==== Material provided

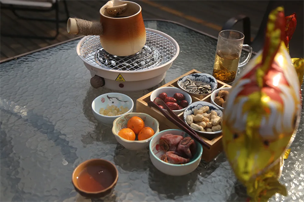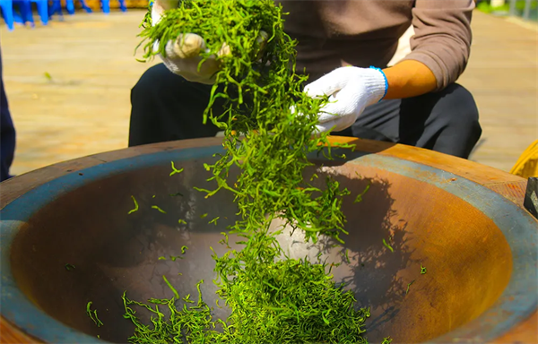 翠屏島瀛湖茶舍,我們推出了圍爐煮茶項目,炒茶師傅現場殺青、揉捻、干燥,隨后將瀛湖的明前茶呈送到游客面前。當然,游客若有興趣,也可親自實操這難能可貴的體驗。
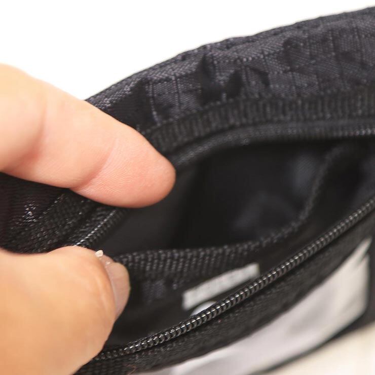 耐久性のあるリップストップ生地を採用しつつ、クリアの小窓で中の小銭やカード、
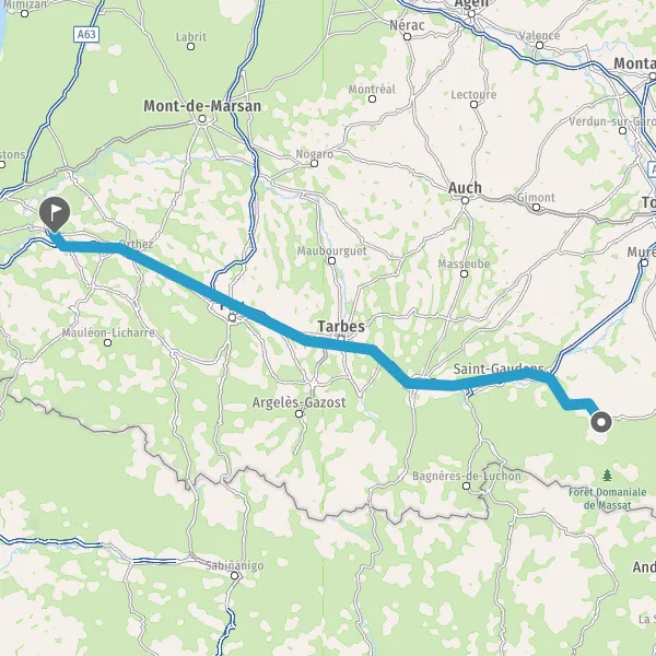 Continuer et rejoindre A64 E80. Continuer sur 187 kilomètres
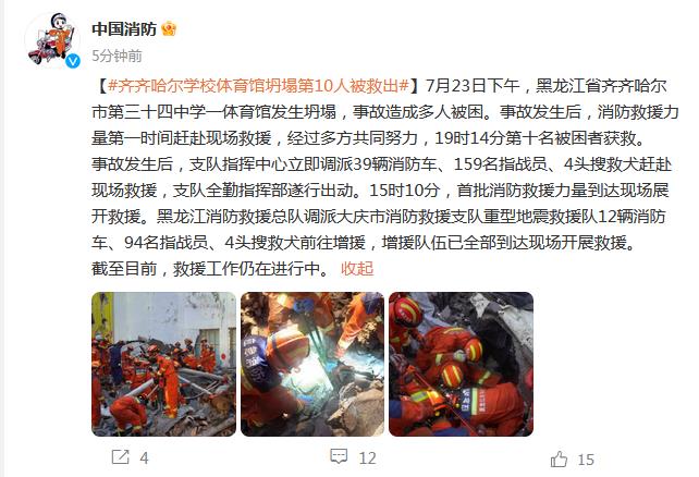中新網7月23日電 據中國消防官微消息,7月23日下午,黑龍江省齊齊哈爾市第三十四中學一體育館發生坍塌,事故造成多人被困。事故發生后,消防救援力量第一時間趕赴現場救援,經過多方共同努力,19時14分第十名被困者獲救。

========

- Brief
Starting from the line that contains "耐久性のあるリップストップ生地を採用しつつ、クリアの小窓で中の小銭やカード、", transcribe exactly each line down to the final line of the material above, excluding every picture and adding nothing else.

- Answer
 耐久性のあるリップストップ生地を採用しつつ、クリアの小窓で中の小銭やカード、
 Continuer et rejoindre A64 E80. Continuer sur 187 kilomètres
中新網7月23日電 據中國消防官微消息,7月23日下午,黑龍江省齊齊哈爾市第三十四中學一體育館發生坍塌,事故造成多人被困。事故發生后,消防救援力量第一時間趕赴現場救援,經過多方共同努力,19時14分第十名被困者獲救。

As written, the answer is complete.